3) Enter case facts as numeric inputs (and keep units consistent)

In North Dakota runs, you’ll want to be consistent about the numeric meaning of each field. Common input types include:

  • Amounts: enter in dollars (no commas; use plain numbers if the UI requests it)
  • Percentages: enter as whole numbers (e.g., 35) or decimals (e.g., 0.35) depending on the field format
  • Time windows: enter in days, months, or years based on the UI’s labels

Example workflow

  • Start with Total damages.
  • Then fill each damages component or party share.
  • Finally, ensure any percentage/ratio fields add up correctly (or the UI confirms automatic balancing).

How outputs change

  • If you change a component amount, the final allocation table updates instantly.
  • If you change a percentage, the tool recalculates each corresponding share and the remainder (if applicable).

4) Use ND-aware settings (if present) to choose the allocation method

Some DocketMath configurations include an allocation approach selector. When you see options, choose the one that matches your modeling goal, such as:

  • Allocation by damages category
  • Allocation by party share
  • Allocation by time period
  • Allocation by fault or responsibility percentages (if included in the calculator)

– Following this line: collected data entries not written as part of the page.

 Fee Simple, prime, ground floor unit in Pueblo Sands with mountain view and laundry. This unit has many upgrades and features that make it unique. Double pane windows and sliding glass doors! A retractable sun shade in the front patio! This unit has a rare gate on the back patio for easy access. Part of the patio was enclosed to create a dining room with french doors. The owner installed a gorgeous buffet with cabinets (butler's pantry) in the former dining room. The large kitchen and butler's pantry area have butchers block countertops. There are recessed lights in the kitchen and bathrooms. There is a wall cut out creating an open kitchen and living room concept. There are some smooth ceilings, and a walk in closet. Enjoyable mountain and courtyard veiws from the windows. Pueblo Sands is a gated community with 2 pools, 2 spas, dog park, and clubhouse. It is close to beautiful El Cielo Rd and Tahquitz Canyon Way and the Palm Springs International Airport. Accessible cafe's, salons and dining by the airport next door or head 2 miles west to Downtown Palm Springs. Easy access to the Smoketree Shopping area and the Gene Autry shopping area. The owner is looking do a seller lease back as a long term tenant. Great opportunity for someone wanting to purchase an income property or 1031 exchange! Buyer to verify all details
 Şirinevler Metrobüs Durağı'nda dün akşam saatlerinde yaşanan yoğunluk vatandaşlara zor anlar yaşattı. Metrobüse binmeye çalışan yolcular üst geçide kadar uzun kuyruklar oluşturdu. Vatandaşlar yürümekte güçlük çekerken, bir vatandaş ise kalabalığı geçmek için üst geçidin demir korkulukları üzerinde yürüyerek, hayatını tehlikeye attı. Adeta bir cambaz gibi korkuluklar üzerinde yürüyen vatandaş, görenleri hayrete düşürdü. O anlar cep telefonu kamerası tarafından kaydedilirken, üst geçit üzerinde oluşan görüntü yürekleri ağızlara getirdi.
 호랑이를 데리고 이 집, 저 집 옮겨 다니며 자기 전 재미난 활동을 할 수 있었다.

Because you’re running US-ND, the tool may adjust labels, checks, or default behavior to fit that jurisdiction’s workflow conventions.

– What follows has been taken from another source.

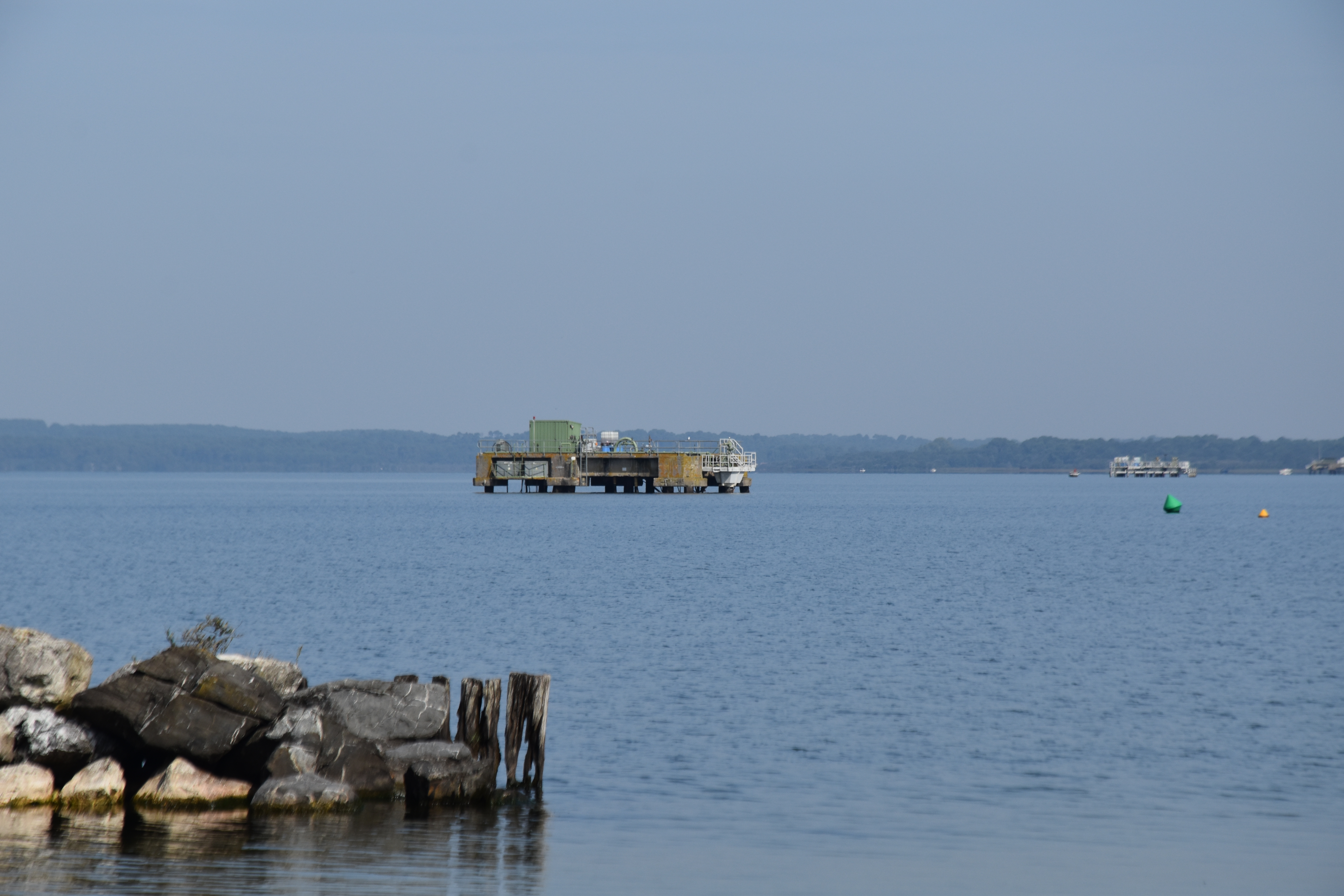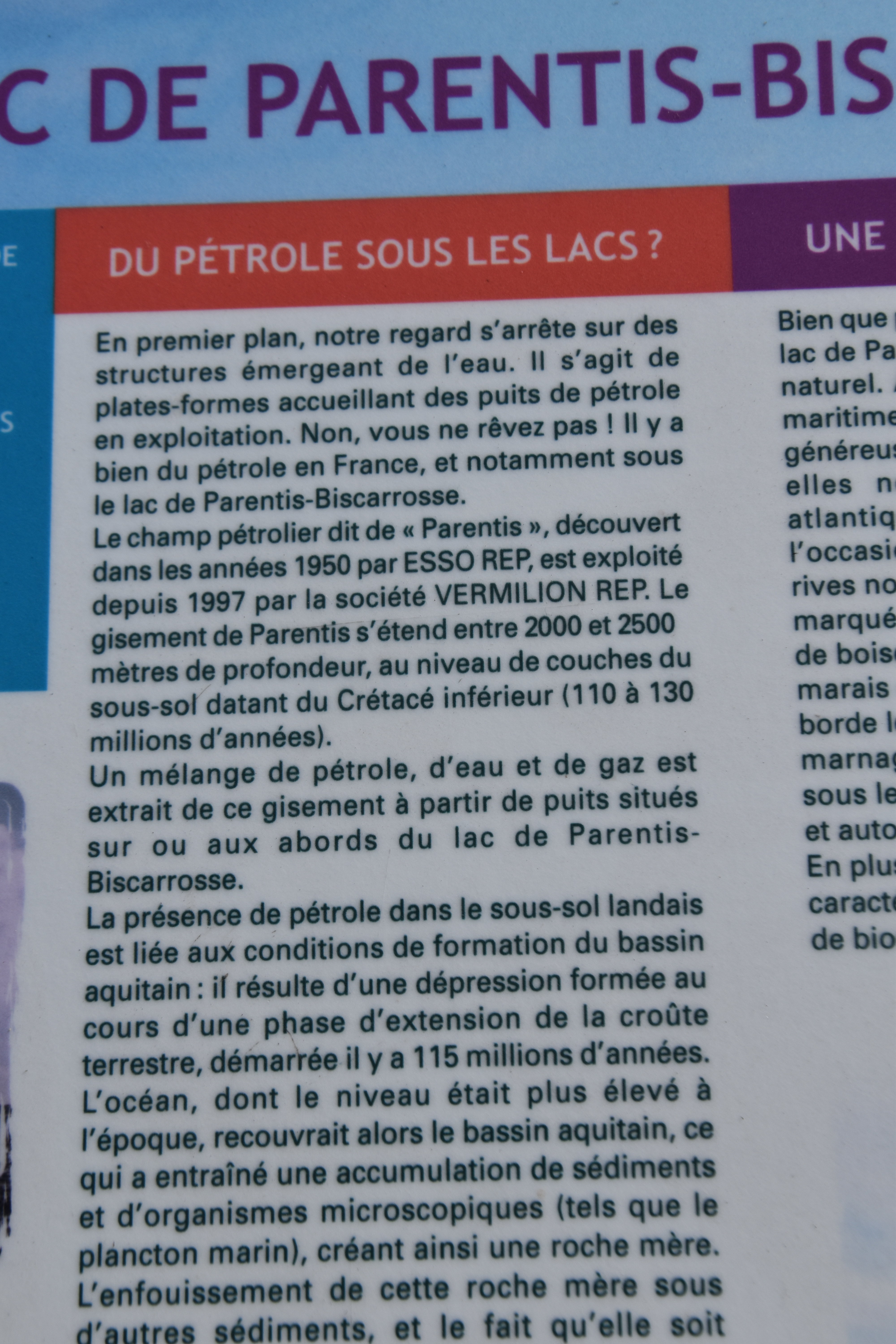 Oil rigs, would you believe. Oil was discovered here in the 1950’s by ESSO . It exists between 2000 and 2500 meters deep and is in a subteranien basin created in the Cretacious period some 110 to 130 million years ago. There is a mixture of Petroleum oil, gas and water. It is pumped to Bordeaux where it is refined. Well what do you know!

Warning: If the calculator offers a selection like “by percentages” vs “by fixed amounts,” do not mix styles. Mixed inputs can produce totals that look mathematically valid but don’t reflect the model you intended.

5) Review the allocation table and totals

After inputs, you should get:

  • A table showing allocated amounts per category/party (depending on the configuration)
  • A grand total (should tie back to your total damages input, subject to rounding)
  • Any diagnostic warnings the tool provides (e.g., totals don’t reconcile)

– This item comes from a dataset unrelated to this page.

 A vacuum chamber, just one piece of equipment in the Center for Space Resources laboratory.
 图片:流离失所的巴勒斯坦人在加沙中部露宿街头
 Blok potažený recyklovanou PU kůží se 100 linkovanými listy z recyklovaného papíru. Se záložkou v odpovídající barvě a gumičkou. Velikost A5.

Checklist for reconciliation

6) Export or copy results for your workflow

Once the allocation looks right:

  • Use the UI’s copy/export option (PDF/CSV/export button depends on your interface).
  • Save the run with a clear name like:
    • “ND Damages Allocation – Trial model – v1 (2026-04-15)”

Then, if DocketMath offers a way to compare versions, run a quick v2 after any edits (for example, changing a percentage or component amount).

7) Capture a brief “inputs & assumptions” note alongside results

To keep your record clean, write down:

  • The inputs you used (especially total damages, allocation percentages, and component amounts)
  • Any method selection you chose in the calculator
  • The date/time you ran the model

This makes it easier to explain the math later without revisiting every assumption.

Common pitfalls

Damages allocation runs are easy to compute but easy to mis-model. Watch for these recurring issues when running US-ND in DocketMath.

  1. Totals don’t reconcile

    • Symptom: Allocated amounts don’t sum to your Total damages.
    • Common causes:
      • A category left blank (defaults to 0)
      • Percentages not adding up to 100%
      • Rounding differences across multiple rows
  2. Mixed allocation styles

    • Example: Entering some categories as fixed amounts while also entering percentage fields that drive the rest.
    • Result: A mathematically consistent outcome that doesn’t match your intended structure.
  3. Incorrect percentage format

    • Many tools interpret 35 as 35%, while others interpret 0.35 as 35%.
    • If you enter the wrong format, every downstream allocation shifts materially.
  4. Time-window mismatch

    • If the tool includes time-based components (e.g., before/after a date), confirm:
      • The time labels in the UI match your intended periods
      • The units (days vs months vs years) match the numbers you typed
  5. Rounding creates small residuals

    • Even when everything “should” sum cleanly, totals can differ by a few dollars.
    • Strategy: identify whether the tool rounds per-row or at the final total and keep that consistent across versions.
  6. Forgetting to verify ND-specific configuration

    • If the jurisdiction selector changes, you might lose ND-specific checks and defaults.
    • Quick fix: confirm US-ND remains active before exporting.

Pitfall: Relying on the output immediately after a change—without re-checking the reconciliation row—can hide a small-but-real input error (especially percentage or time window fields).

Try it

If you want to jump straight into a North Dakota run, start here:

  • Open /tools/damages-allocation
  • Confirm jurisdiction: **North Dakota (US-ND)
  • Enter a simple scenario first (for example):
    • Total damages: 100,000
    • Two categories or parties with initial percentages (e.g., 60% / 40%) or fixed amounts
  • Review:
    • The allocation table
    • The total reconciliation line
    • Any warnings or validation messages

Once the basic run matches your expectations, refine the model using your real numbers and save a versioned output.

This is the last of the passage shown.